A long-awaited, full-size performing arts auditorium for the Sandoval campus is on the preliminary list of projects for a possible bond election in November.

The auditorium is one of dozens of projects that three committees are reviewing for Denver Public Schools as it crafts a potential request to voters for hundreds of millions to build and improve facilities throughout the city. (Click here for more information on the 2024 DPS bond process.)

The committee working on arts and athletic facilities and equipment (called “Pursuit of Passion”) is considering the Sandoval auditorium as well as other auditoriums, stage renovations, arts centers, recording, production studios and a stagecraft shop around the district. An auditorium would be added to Building One in the northeast corner of the campus.

Those “passion” projects total $42.3 million, according to a committee presentation in the bond section of the DPS web site. The slides are posted as part of a Feb. 21 meeting of the “passion’’ committee which is actually a subcommittee of the Community Planning and Advisory Committee (CPAC) that is overseeing the entire bond preparation process.

The bond committees have just begun working and no decisions have been made on what projects will be included. They are scheduled to continue through May and deliver a final recommendation to the DPS board to consider on June 6.

The board is scheduled to vote Aug. 22 on whether to go to voters in the Nov. 5 election.

Recommendations in a preliminary 2024 DPS bond planning document.

The district’s last bond election was in 2020 when voters approved a $795 million package. An auditorium for Sandoval was not included in 2020 because of competition from other major projects in the district that also had been in holding patterns. The total cap that can be requested this year is $975 million.

A conceptual plan done several years ago by the Sandoval architects, LOA Architecture, envisioned a 14,500-square-foot auditorium that would cost roughly in the range of $12 million.

The possibility of finally getting an auditorium, after being open for eight years, is welcome news at Northfield.

“It’s great that they are thinking of building an auditorium because a lot of our students (at least a third of the school’s 2,100 students) are part of our program,’’ said Hanan Al- Naqeeb, Northfield’s theater director. “It would really showcase their talents.’’

Slide on overview of 2024 bond projects being used by the DPS Community Planning and Advisory Committee on a possible 2024 bond issue.

Al-Naqeeb established the theater program at McAuliffe International and “they brought me on (at NHS) because my focus is to build the program.”

Northfield High School, which shares the Sandoval campus with DSST: Conservatory Green High School, has wanted a full-size auditorium since it opened in 2015. The two schools use the cafeteria as their primary performing space, which for a variety of reasons, is inadequate for proper performing arts and other activities.
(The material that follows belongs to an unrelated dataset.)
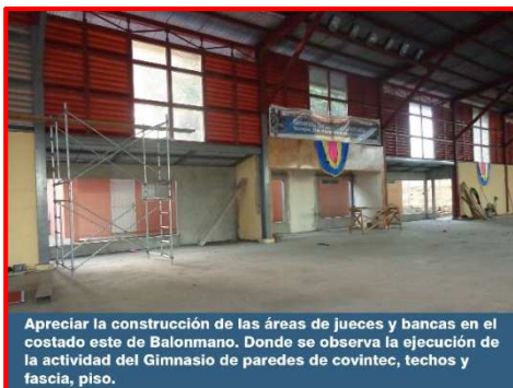
Apreciar la construcción de las áreas de jueces y bancas en el costado este de Balonmano. Donde se observa la ejecución de la actividad del Gimnasio de paredes de covintec, techos y fascia, piso.

El proyecto consiste en la finalización de las graderías del sector oeste que actualmente se encuentra a nivel de fundaciones, estructura de techo y cubierta de techo, En este componente se contempla finiquitar todos los elementos metálicos en la gradería en cuanto a vigas y columnas, forros de las graderías con panel de malla electrosoldada, barandales, piso de concreto, ventanas de celosías, puertas metálicas y obras de electricidad, además de delimitar el área de juego ( cancha ) con un barandal de tubo y malla ciclón y pintura. Debajo de las graderías se ha destinado 3 ambientes para bodegas; además en este sector se jerarquiza el acceso a público espectador. El área de gradería es de 205 m 2 y con una capacidad de 300 personas. Está siendo ejecutado por el contratista Ricardo José Murillo Rodríguez; por un monto inicial de C$ 3, 681,939.57. La obra se inició el 10 de enero 2017, con

The acoustics are poor, space for rehearsals, storage, costuming, construction and other stage crafting is far from appropriate. Dressing rooms are needed and more space could accommodate a “black box’’ theater, a smaller, flexible performing space that’s fit for “theater in the round’’ and other stage configurations. The lighting, sound and other technical equipment is also not up to par for a campus of 2,600 students.

An auditorium can also be used for classes, meetings, evening/weekend orchestra concerts and choir and lectures. In addition, the current seating area is on a flat, concrete floor that hinders proper sightlines to the stage. A sloped floor in a new building would remedy that.

Northfield High School Theater Director Hanan Al-Naqeeb.

“It is not efficient use of space,” Al-Naqeeb said. “There is so much more we could do if we had better space.”

In addition, “there’s great value having an auditorium not just for students but for our community, too,’’ Al-Naqeeb said.

Another challenge with the current space is that the campus facilities crew spends hours setting up the cafeteria to accommodate audiences and then has to turn it back into a dining hall.  During periods of performances, that’s a daily chore, Al-Naqeeb said.

“I hope it would be hard to vote against an auditorium,” she said.